SOURCE MATERIAL -
----------------
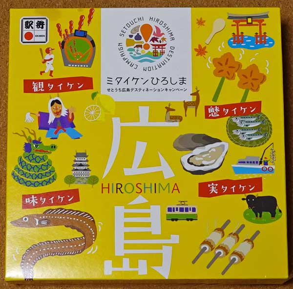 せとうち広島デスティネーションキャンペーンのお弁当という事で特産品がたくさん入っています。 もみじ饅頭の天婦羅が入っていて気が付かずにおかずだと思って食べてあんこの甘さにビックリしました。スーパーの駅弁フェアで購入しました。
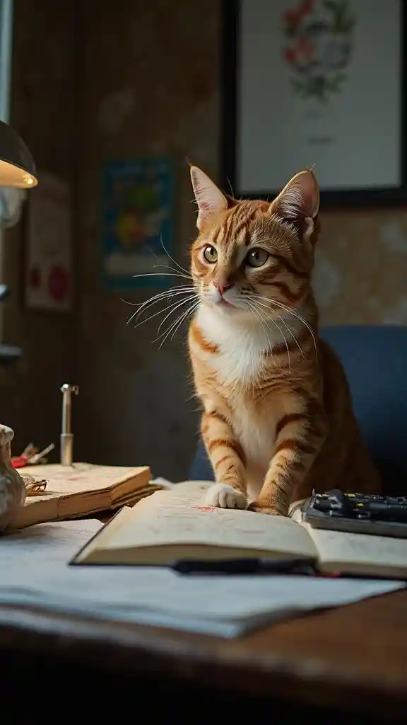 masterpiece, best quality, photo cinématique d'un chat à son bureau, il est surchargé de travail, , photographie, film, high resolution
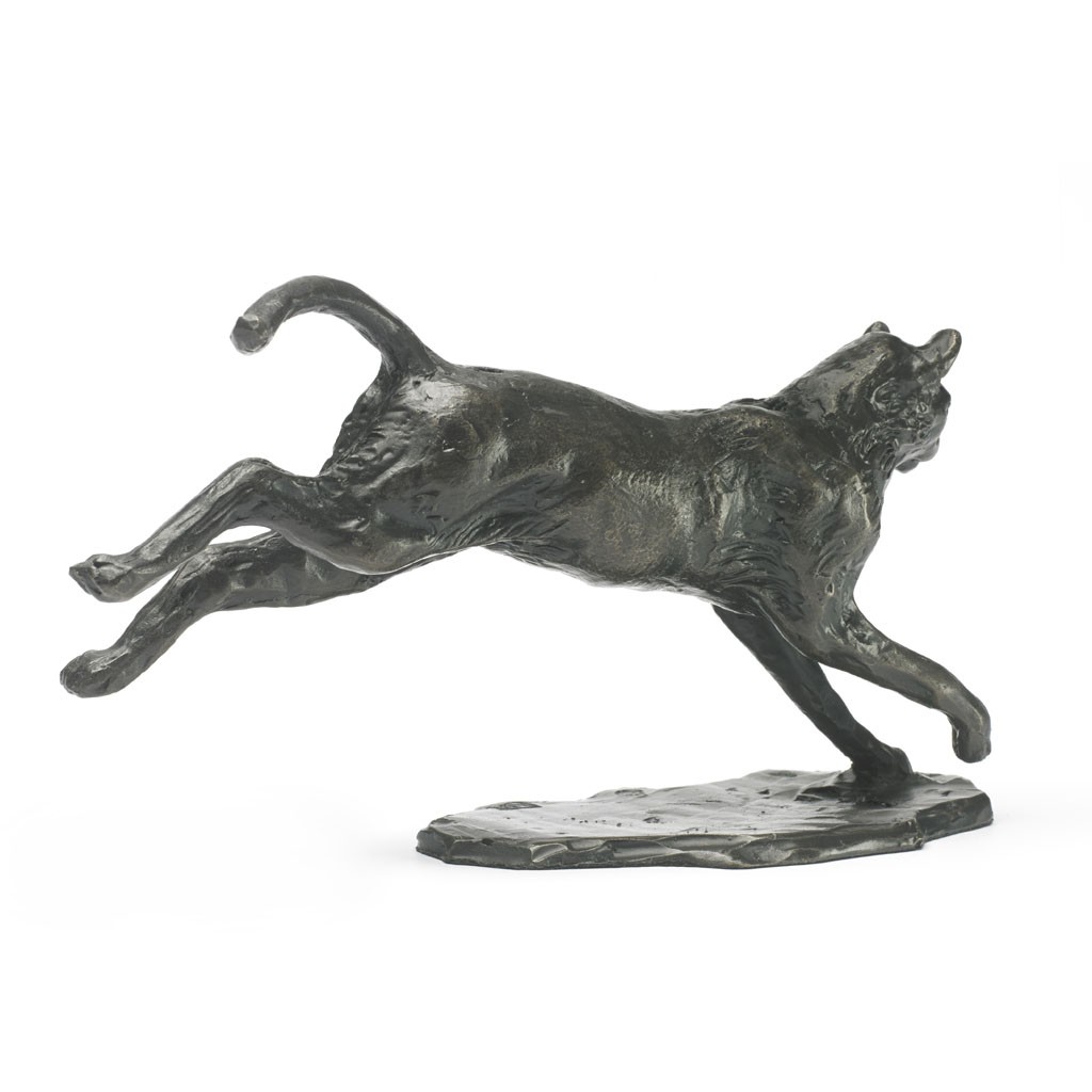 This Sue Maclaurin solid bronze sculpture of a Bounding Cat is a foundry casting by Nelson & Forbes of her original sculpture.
----------------
PROBLEM DESCRIPTION -
Please repeat exactly the data above from its first line to the line that contains "masterpiece, best quality, photo", inclusive, and leave every picture out.

REPLY -
 せとうち広島デスティネーションキャンペーンのお弁当という事で特産品がたくさん入っています。 もみじ饅頭の天婦羅が入っていて気が付かずにおかずだと思って食べてあんこの甘さにビックリしました。スーパーの駅弁フェアで購入しました。
 masterpiece, best quality, photo cinématique d'un chat à son bureau, il est surchargé de travail, , photographie, film, high resolution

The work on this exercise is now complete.